Marina parte para o contra-ataque

25/09/14 às 00:00

Quem pensou que Marina Silva (PSB) ia apanhar calada, se enganou. No programa de terça-feira à noite, a candidata partiu para o contra-ataque contra Dilma Rousseff (PT), e explorou pela primeira vez, de forma direta, as denúncias de corrupção na Petrobras. “O Brasil todo está vendo que a Petrobras virou caso de polícia”, apontou a propaganda da socialista, que fez questão de lembrar ainda que a própria Dilma foi presidente do conselho de administração da estatal. O “pulo do gato” no texto foi dizer que a Petrobras perdeu R$ 200 bilhões na bolsa de valores, e que isso equivale a “15 anos de passe livre para todos os alunos que utilizam transporte público no Brasil”. Ou seja, vinculou diretamente o escândalo na maior empresa do País à principal bandeira que foi o motor das manifestações de junho do ano passado, atraindo justamente o público que está insatisfeito com o PT, mas não tem interesse no retorno dos tucanos ao poder.

Desculpas
Marina também acusou os adversários de não terem programa de governo.
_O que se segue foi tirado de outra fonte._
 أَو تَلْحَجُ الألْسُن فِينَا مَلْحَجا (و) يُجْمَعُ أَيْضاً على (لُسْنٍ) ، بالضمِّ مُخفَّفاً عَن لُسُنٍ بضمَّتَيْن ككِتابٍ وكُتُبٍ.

E que Dilma deveria apresentar um na forma de “um pedido de desculpas”. Também prometeu manter “as coisas boas” e corrigir “as coisas erradas”.

Bateu levou
Aécio Neves (PSDB) também manteve-se no ataque. Criticou o investimento do governo Dilma em um porto de Cuba, apontando que enquanto isso, os portos brasileiros estão abandonados. Os aliados da petista reagiram nas redes sociais, apontando que o tucano entende mesmo é de construir aeroportos nas terras de sua própria família.

Ladainha
O candidato do PSDB parece ter como única bandeira de campanha tirar o PT do poder. “O PT se julga dono do Brasil e acha que pode fazer o que quer”; “o Brasil tem jeito, o que não tem jeito é esse jeito de governar do PT”; e “encerrar esse ciclo de governo do PT” foram as frases repetidas em seu programa mais recente.

Convertidos
O problema do tucano, como bem analisou o jornalista Élio Gaspari, é que ele prega para convertidos. Ou seja, fala para aqueles que já rejeitam e não votam no PT. Mas não consegue avançar um milímetro no restante do eleitorado.
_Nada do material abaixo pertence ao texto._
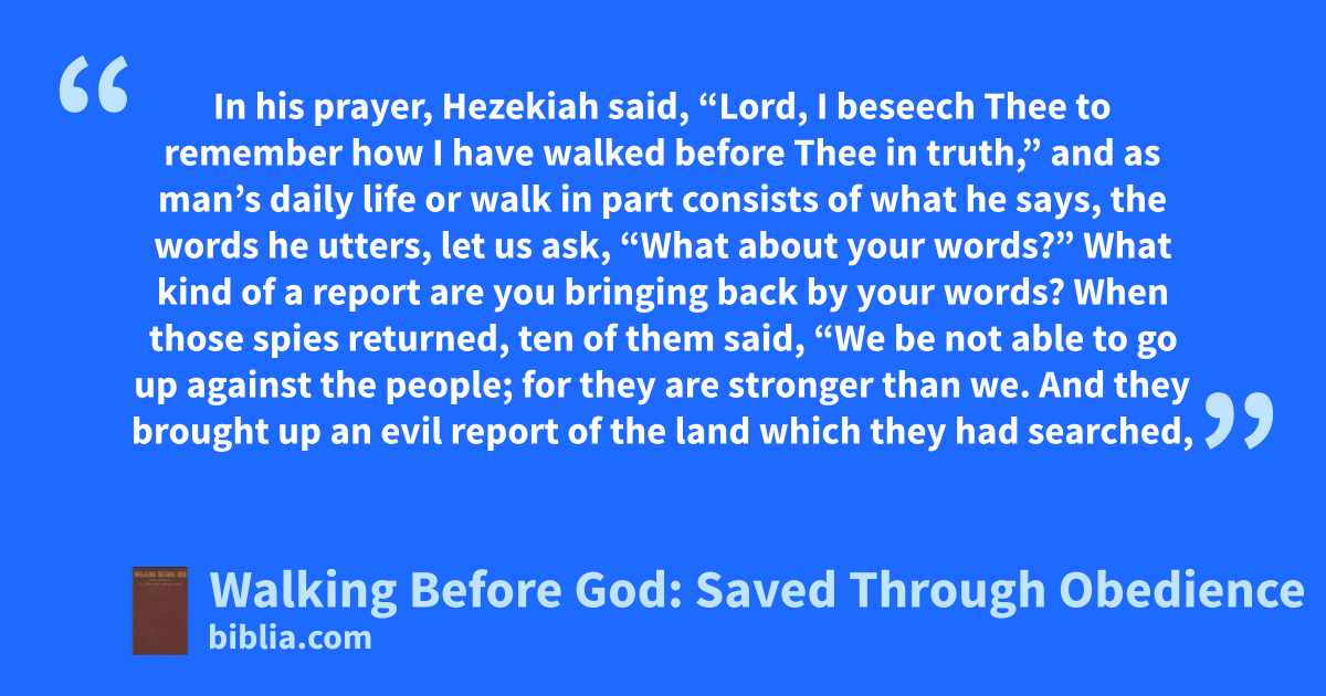 In his prayer, Hezekiah said, “Lord, I beseech Thee to remember how I have walked before Thee in truth,” and as man’s daily life or walk in part consists of what he says, the words he utters, let us ask, “What about your words?” What kind of a report are you bringing back by your words? When those spies returned, ten of them said, “We be not able to go up against the people; for they are stronger than we. And they brought up an evil report of the land which they had searched,

Uma no cravo outra na ferradura
A propaganda de Aécio diz que como presidente da Câmara Federal, ele liderou a aprovação da lei que permitiu que políticos sejam presos por crimes comuns. É verdade. E também aumentou a verba de gabinete dos deputados em 60%.

Moderado
Eduardo Jorge, o candidato maluquinho, retomou o tema da legalização da maconha. Segundo ele, a ideia é “permitir que o sistema de saúde converse com o usuário de forma adulta”, explicando que o melhor para a saúde é não usar, e se for para usar, que se faça moderadamente.

Canteiro
Dilma apareceu de capacete em frente a obras, avistando do helicóptero linhas de transmissão e conversando com engenheiros para falar da construção de usinas hidrelétricas. “Muita gente no Brasil não sabe que estamos realizando uma obra desse porte. Pois é, estamos. Por isso, quando falam que o Brasil está parado eu até acho graça”, ironizou a petista.

Ecológica
Sabe aquele aviso que aparece em alguns filmes dizendo que “nenhuma animal sofreu maltratos” nessa obra. Pois o programa de Dilma fez questão de lembrar que “nenhuma terra indígena será alagada” com a construção de Belo Monte.

Hipster
Marina lembrou o dia da árvore em seu programa do início da semana. Mas ao contrário do que poderia se esperar, não abraçou nenhuma delas.

Cof, cof
Já Dilma exibiu vídeo também em encontro com sindicalistas afirmando que no FGTS e outros direitos dos trabalhadores ela não mexe “nem que a vaca tussa”. A referência é ao programa de Marina que admite flexibilixação da legislação trabalhista.

Marreta
O troféu “sem noção” do dia vai para o candidato a deputado Jorge Kruger, que aparece na propaganda quebrando um aparelho de telefone celular à marretadas. “Você não precisa quebrar as coisas para mudar. Sua marreta é o seu voto”, ensina.